Since February, Russia’s invasion of Ukraine has not only overshadowed Poland’s internal political debate but also helped the staunchly anti-Russian government in Warsaw recast itself as a defender of western democratic values, having previously been castigated as the largest flouter of EU rules within the 27-nation bloc.

Having threatened to withhold post-pandemic recovery funds for Poland, the commission instead approved earlier this month a financial aid package of as much as €36bn that had been held up because of a dispute over whether the Polish judiciary has sufficient independence.

Kaczyński was also quick to distance Poland from Hungary — its previously clearest ally in its disputes with Brussels — and denounce instead Viktor Orbán, the Hungarian prime minister, for maintaining his allegiance to Moscow. In a radio interview in April, he described Hungary’s stance in the Ukraine conflict as “very sad.”

As further evidence of the reversal of roles, Hungary blocked last week an EU corporate tax deal that Poland had previously opposed but on which Poland has now changed tack.
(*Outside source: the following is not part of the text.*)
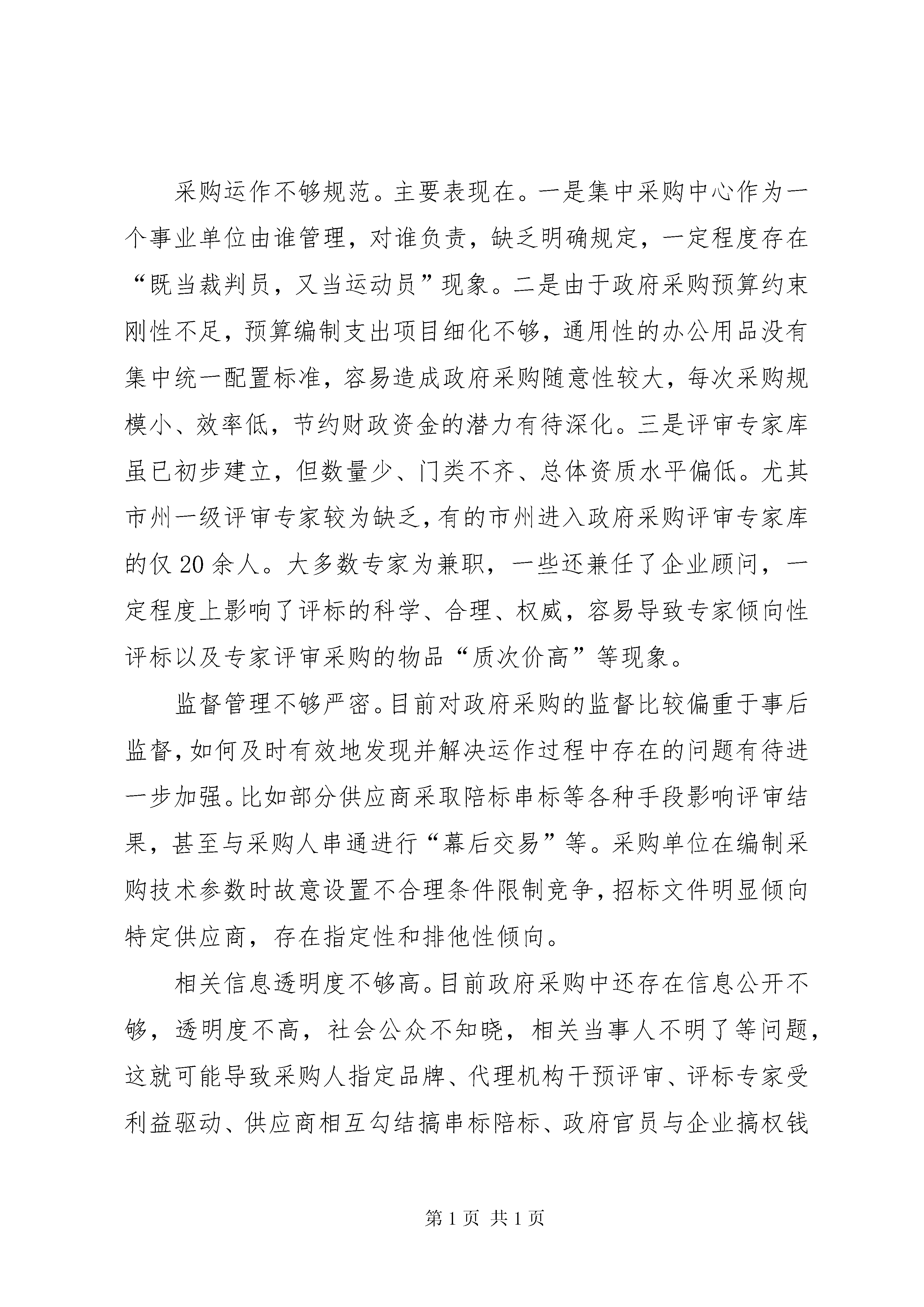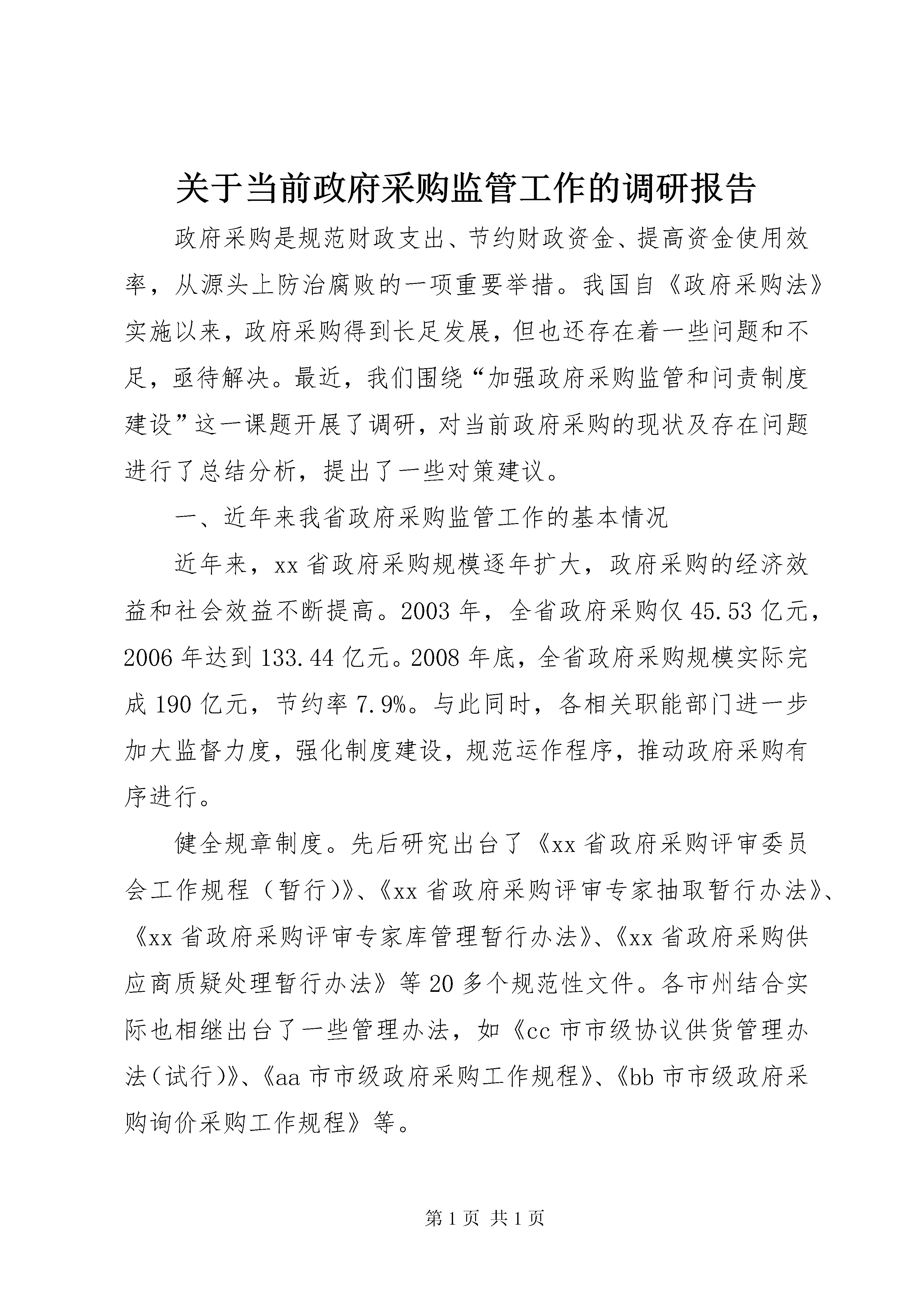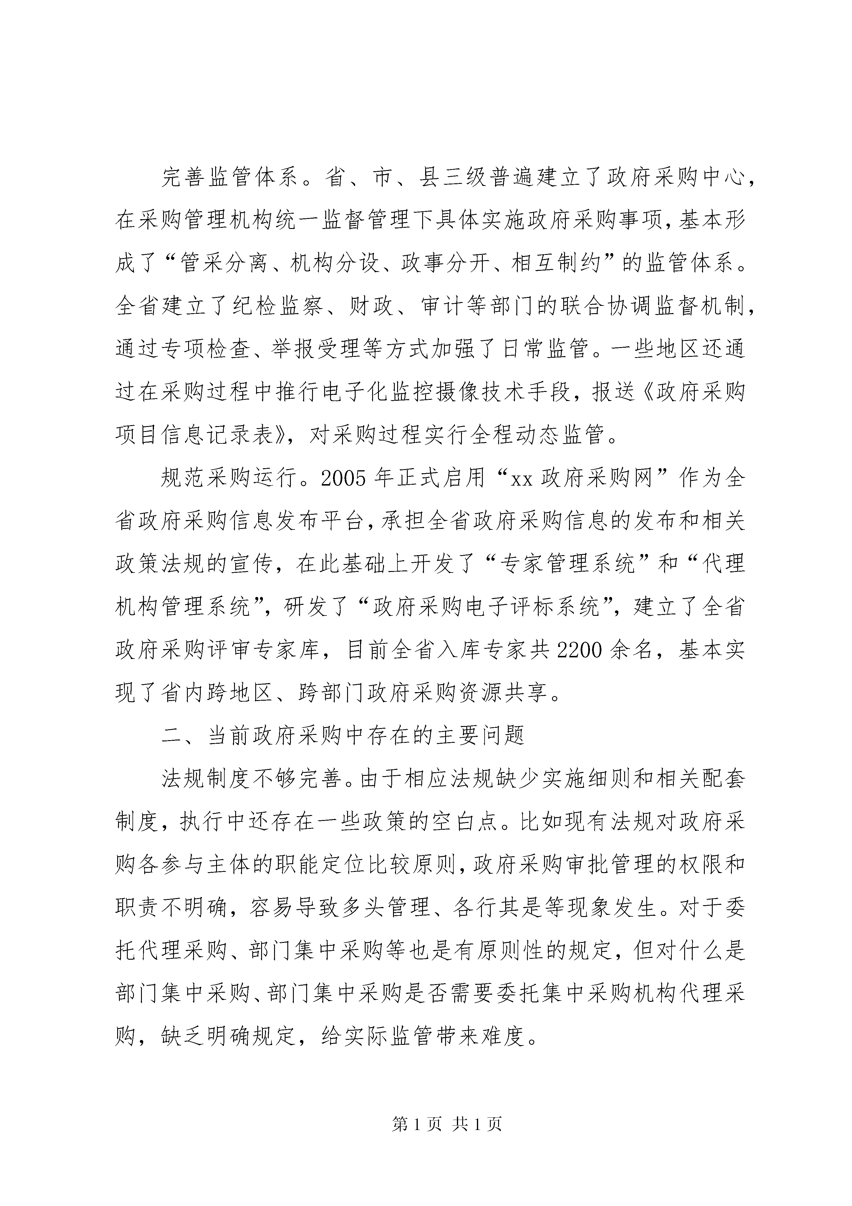 关于当前政府采购监管工作的调研报告政府采购是规范财政支出、节约财政资金、提高资金使用效率,从源头上防治腐败的一项重要举措。我国自《政府采购法》实施以来,政府采购得到长足发展,但也还存在着一些问题和不足,亟待解决。最近,我们围绕“加强政府采购监管和问责制度建设”这一课题开展了调研,对当前政府采购的现状及存在问题进行了总结分析,提出了一些对策建议。一、近年来我省政府采购监管工作的基本情况近年来,xx省政府采购规模逐年扩大,政府采购的经济效益和社会效益不断提高。2003年,全省政府采购仅45.53亿元,2006年达到133.44亿元。2008年底,全省政府采购规模实际完成190亿元,节约率7.9%。与此同时,各相关职能部门进一步加大监督力度,强化制度建设,规范运作程序,推动政府采购有序进行。健全规章制度。先后研究出台了《xx省政府采购评审委员会工作规程(暂行)》、《xx省政府采购评审专家抽取暂行办法》、《xx省政府采购评审专家库管理暂行办法》、《xx省政府采购供应商质疑处理暂行办法》等20多个规范性文件。各市州结合实际也相继出台了一些管理办法,如《cc市市级协议供货管理办法(试行)》、《aa市市级政府采购工作规程》、《bb市市级政府采购询价采购工作规程》等。完善监管体系。省、市、县三级普遍建立了政府采购中心,在采购管理机构统一监督管理下具体实施政府采购事项,基本形成了“管采分离、机构分设、政事分开、相互制约”的监管体系。全省建立了纪检监察、财政、审计等部门的联合协调监督机制,通过专项检查、举报受理等方式加强了日常监管。一些地区还通过在采购过程中推行电子化监控摄像技术手段,报送《政府采购项目信息记录表》,对采购过程实行全程动态监管。规范采购运行。2005年正式启用“xx政府采购网”作为全省政府采购信息发布平台,承担全省政府采购信息的发布和相关政策法规的宣传,在此基础上开发了“专家管理系统”和“代理机构管理系统”,研发了“政府采购电子评标系统”,建立了全省政府采购评审专家库,目前全省入库专家共2200余名,基本实现了省内跨地区、跨部门政府采购资源共享。二、当前政府采购中存在的主要问题法规制度不够完善。由于相应法规缺少实施细则和相关配套制度,执行中还存在一些政策的空白点。比如现有法规对政府采购各参与主体的职能定位比较原则,政府采购审批管理的权限和职责不明确,容易导致多头管理、各行其是等现象发生。对于委托代理采购、部门集中采购等也是有原则性的规定,但对什么是部门集中采购、部门集中采购是否需要委托集中采购机构代理采购,缺乏明确规定,给实际监管带来难度。采购运作不够规范。主要表现在。一是集中采购中心作为一个事业单位由谁管理,对谁负责,缺乏明确规定,一定程度存在“既当裁判员,又当运动员”现象。二是由于政府采购预算约束刚性不足,预算编制支出项目细化不够,通用性的办公用品没有集中统一配置标准,容易造成政府采购随意性较大,每次采购规模小、效率低,节约财政资金的潜力有待深化。三是评审专家库虽已初步建立,但数量少、门类不齐、总体资质水平偏低。尤其市州一级评审专家较为缺乏,有的市州进入政府采购评审专家库的仅20余人。大多数专家为兼职,一些还兼任了企业顾问,一定程度上影响了评标的科学、合理、权威,容易导致专家倾向性评标以及专家评审采购的物品“质次价高”等现象。监督管理不够严密。目前对政府采购的监督比较偏重于事后监督,如何及时有效地发现并解决运作过程中存在的问题有待进一步加强。比如部分供应商采取陪标串标等各种手段影响评审结果,甚至与采购人串通进行“幕后交易”等。采购单位在编制采购技术参数时故意设置不合理条件限制竞争,招标文件明显倾向特定供应商,存在指定性和排他性倾向。相关信息透明度不够高。目前政府采购中还存在信息公开不够,透明度不高,社会公众不知晓,相关当事人不明了等问题,这就可能导致采购人指定品牌、代理机构干预评审、评标专家受利益驱动、供应商相互勾结搞串标陪标、政府官员与企业搞权钱交易等问题的发生。责任追究不够到位。虽然相关的法规规章明确了政府采购中的各种违法行为,但对违法行为的认定、违法的责任、处分的档次等缺乏具体实施细则,可操作性不强。依据现有的相关规定,问责对象主要是针对直接责任人,对主要负责人决策失误,领导不力,管理不到位,不正确履行职责等问题,由于缺乏相应的问责规定,因此较难实施问责。在问责方式方面,对政府采购相关机构中属于公务员的问责方式主要限于行政处分或刑事处罚,很少运用组织处理等措施。

The Ukraine war has helped Law and Justice widen its lead over rival parties, according to opinion polls. But as a wily veteran politician, Kaczyński will also know that his party is facing an uncertain year in which the nationalist sentiments sparked by Russia could gradually be overtaken by economic malaise, as Poland now finds itself struggling with one of Europe’s highest inflation rates.

As Kaczyński warned yesterday, his party “must regain vigour” in order to win a third term in office.

What to watch today

  1. Prime minister of Croatia, Andrej Plenković, speaks in the European parliament

  2. European Commission president Ursula von der Leyen and Spanish PM Pedro Sánchez present an initiative for vaccine co-operation with Latin America

  3. European Commission tables proposals on halving the use of pesticides by 2030

Notable, Quotable

  • German controversy: Chancellor Olaf Scholz’s foreign policy adviser, Jens Plötner, has sparked controversy yesterday when he said the media should focus more on Germany’s future relationship with Russia than on arming Ukraine and criticised Kyiv’s structural problems with the rule of law.

  • Petrol engine fan: Germany’s finance minister, Christian Lindner, has rejected EU plans for a de facto ban on the sale of new combustion engines cars by 2035. He also floated the possibility of keeping Germany’s nuclear reactors going instead of using coal-powered plants.